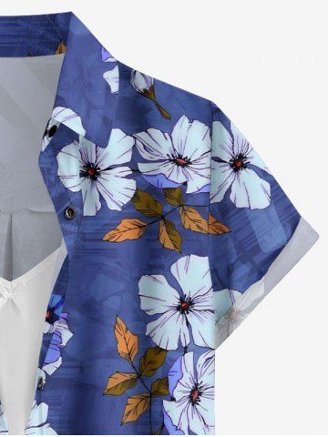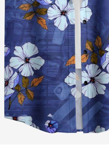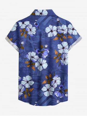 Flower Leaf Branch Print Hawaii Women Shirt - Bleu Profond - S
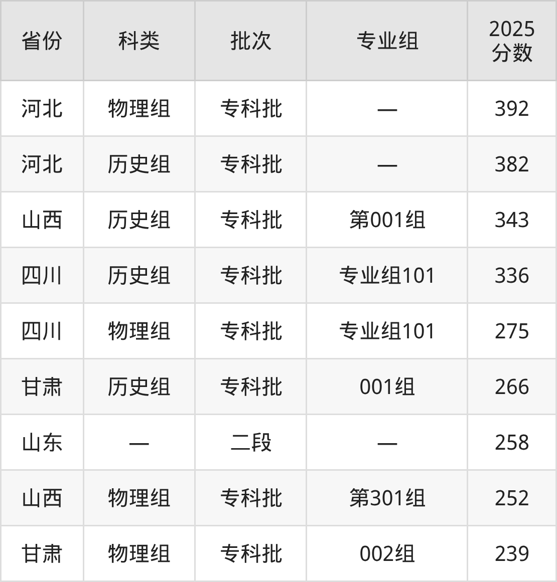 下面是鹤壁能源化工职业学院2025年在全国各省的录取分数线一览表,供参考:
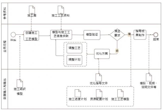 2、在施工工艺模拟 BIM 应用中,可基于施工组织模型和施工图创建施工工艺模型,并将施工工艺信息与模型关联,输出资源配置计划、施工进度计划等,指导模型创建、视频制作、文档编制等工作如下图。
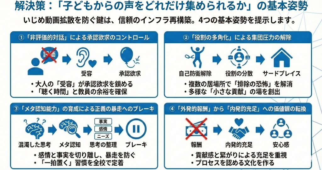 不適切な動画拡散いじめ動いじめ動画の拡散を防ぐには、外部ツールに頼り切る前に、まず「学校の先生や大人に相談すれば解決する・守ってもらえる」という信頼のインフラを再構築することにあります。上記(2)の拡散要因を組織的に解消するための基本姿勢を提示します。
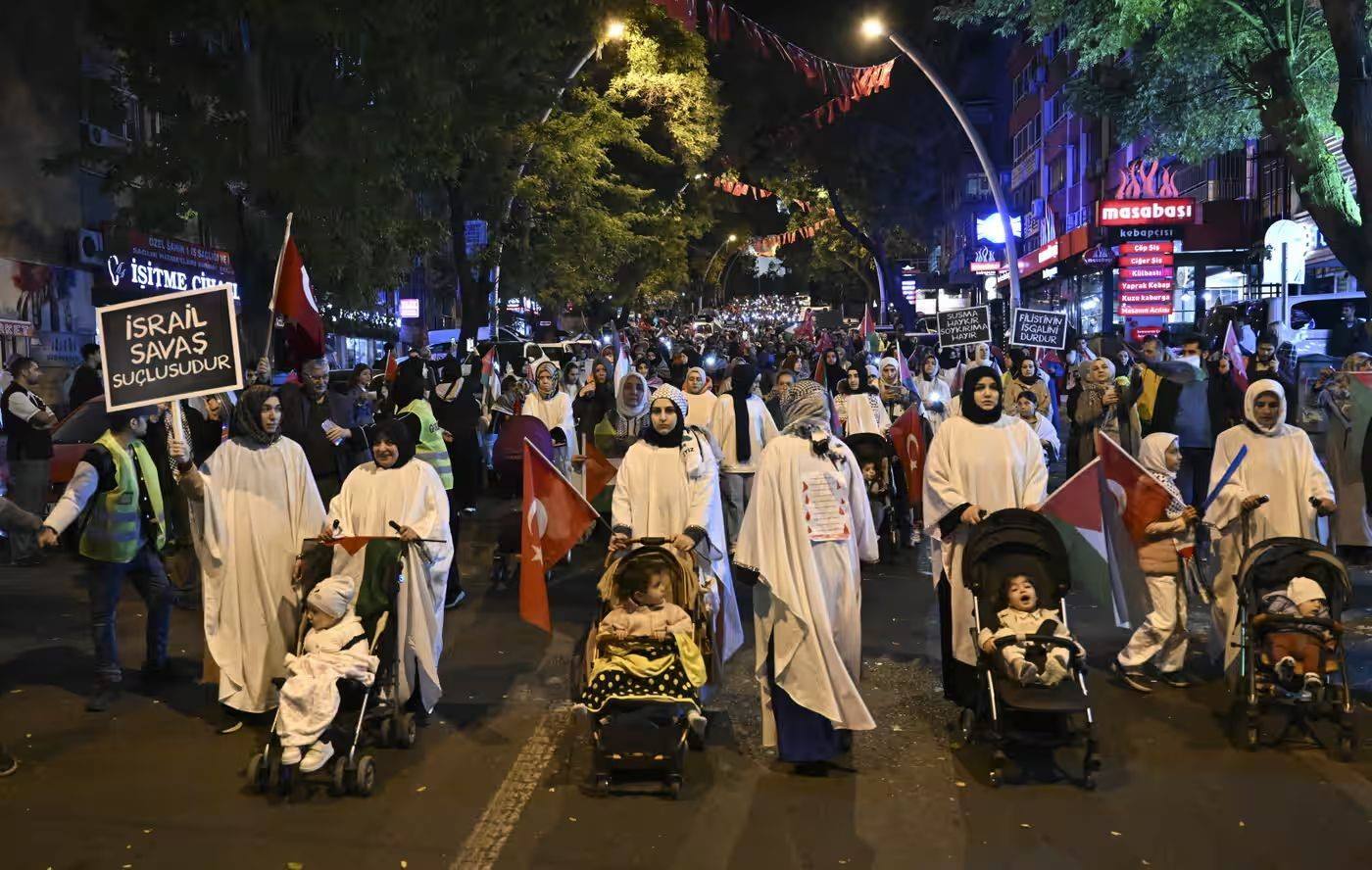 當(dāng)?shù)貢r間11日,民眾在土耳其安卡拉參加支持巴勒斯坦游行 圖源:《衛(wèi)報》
####################
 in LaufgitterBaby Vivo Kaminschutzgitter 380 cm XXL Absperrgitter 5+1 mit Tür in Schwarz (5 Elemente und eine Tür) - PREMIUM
####################
Of the records above, print only the lines from the one containing "Flower Leaf Branch" through the one containing "不適切な動画拡散いじめ動いじ", inclusive and unaltered, leaving out pictures.

### [Exercise response]
 Flower Leaf Branch Print Hawaii Women Shirt - Bleu Profond - S
 下面是鹤壁能源化工职业学院2025年在全国各省的录取分数线一览表,供参考:
 2、在施工工艺模拟 BIM 应用中,可基于施工组织模型和施工图创建施工工艺模型,并将施工工艺信息与模型关联,输出资源配置计划、施工进度计划等,指导模型创建、视频制作、文档编制等工作如下图。
 不適切な動画拡散いじめ動いじめ動画の拡散を防ぐには、外部ツールに頼り切る前に、まず「学校の先生や大人に相談すれば解決する・守ってもらえる」という信頼のインフラを再構築することにあります。上記(2)の拡散要因を組織的に解消するための基本姿勢を提示します。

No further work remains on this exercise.